Я родился уже в Гансау, одном из десяти поселений колонии Ам Тракт, но по рассказам матушки знаю о долгом странствии меннонитов[1], привлеченных в Поволжье обещаниями великодушной царицы. А много ли нужно было вечно гонимому народу? Земля, чтобы трудиться и кормить семью, и признание важнейшего из прав человеческих – права не давать присяги и не брать в руки оружия.
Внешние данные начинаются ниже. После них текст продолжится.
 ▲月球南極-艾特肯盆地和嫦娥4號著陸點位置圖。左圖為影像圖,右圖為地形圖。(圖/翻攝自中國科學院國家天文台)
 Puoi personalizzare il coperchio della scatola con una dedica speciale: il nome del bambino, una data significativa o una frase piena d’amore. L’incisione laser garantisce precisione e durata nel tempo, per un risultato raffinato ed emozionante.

Человеколюбивому разуму дико от того, что ради таких естественных вещей моим родителям пришлось проделать столь долгий путь.
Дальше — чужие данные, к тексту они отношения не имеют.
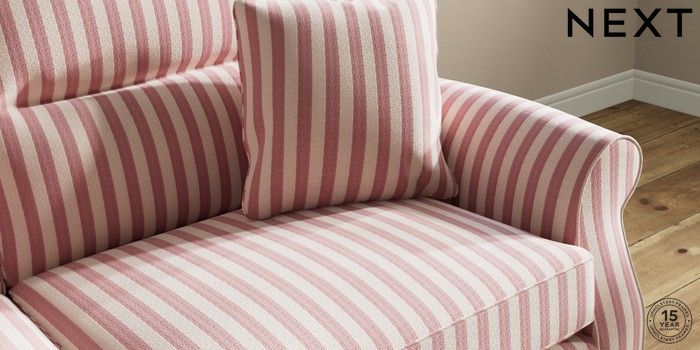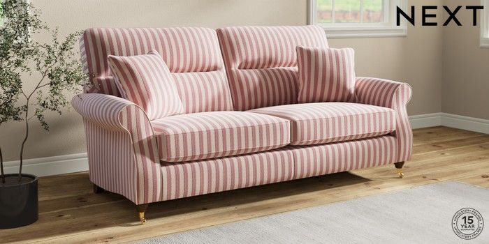7.3.1 Buy Ashford Highback 3 Seater Sofa Bold Chenille Stripe Dark Pink Castor - Mid from the Laura Ashley online shop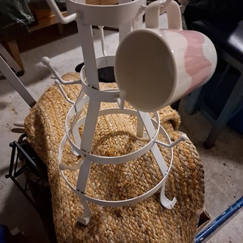7 koukkua. Voi ripustaa esim mukeja tms. Tyyliin kuluvaa kulumaa. Jostakin sisustusliikkeestä aikoinaan ostettu. Tarjoa

Здесь, под селением, называемым русскими Покровском, они, едва успевшие вступить в брак до отъезда из Пруссии, обзавелись первым собственным хозяйством. От щедрот Российской империи досталось им шестьдесят восемь десятин земли, но, так как отец мой с детства не знал иного труда, кроме ремесленного, возделывать капризную почву и ухаживать за урожаем помогали холостые братья матушки и наемники из окрестных деревень.
Как я понимаю теперь, первые годы на новом месте для моих родителей оказались непростыми. Мать целую реку слез пролила над письмами старшей сестры, которая выбрала для переселения Херсонскую губернию, одарившую пришельцев жирной черной землей. Отец сжимал челюсти и снова склонялся над очередной деревянной шкатулкой или табуретом. Ему сложно было понять, как нелегко женщине с младенцем на руках приходилось каждый день бороться со степными суховеями и странными, неизвестными прежде вредителями, портившими едва показавшиеся всходы.
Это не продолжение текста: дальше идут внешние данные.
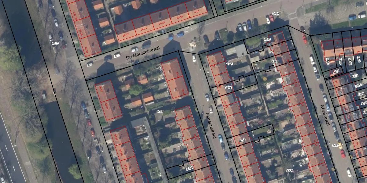 Het perceel waarop Piersonstraat 35 staat heeft een oppervlakte van 6563 m². Dit is een zeer groot perceel. De perceeloppervlakte wordt geregistreerd door het Kadaster. Gedetailleerde informatie over de maten van dit perceel kunt u vinden in het rapport Kadastrale kaart met maatvoering van Piersonstraat 35.

Но к тому времени, когда я начал уверенно ползать по меже и совать себе в рот все, что мог ухватить, дела в колонии, разросшейся и обзаведшейся своей мельницей и кирхой, стали налаживаться. Напоенные неизмеримыми трудами поля ожили, героическая пара овец, оставшаяся от восьмидесятиголового стада, принесла потомство, которое потом удалось с большим успехом свести с местной породой. Матушка моя стала чаще смеяться, придумывать к столу более затейливые блюда.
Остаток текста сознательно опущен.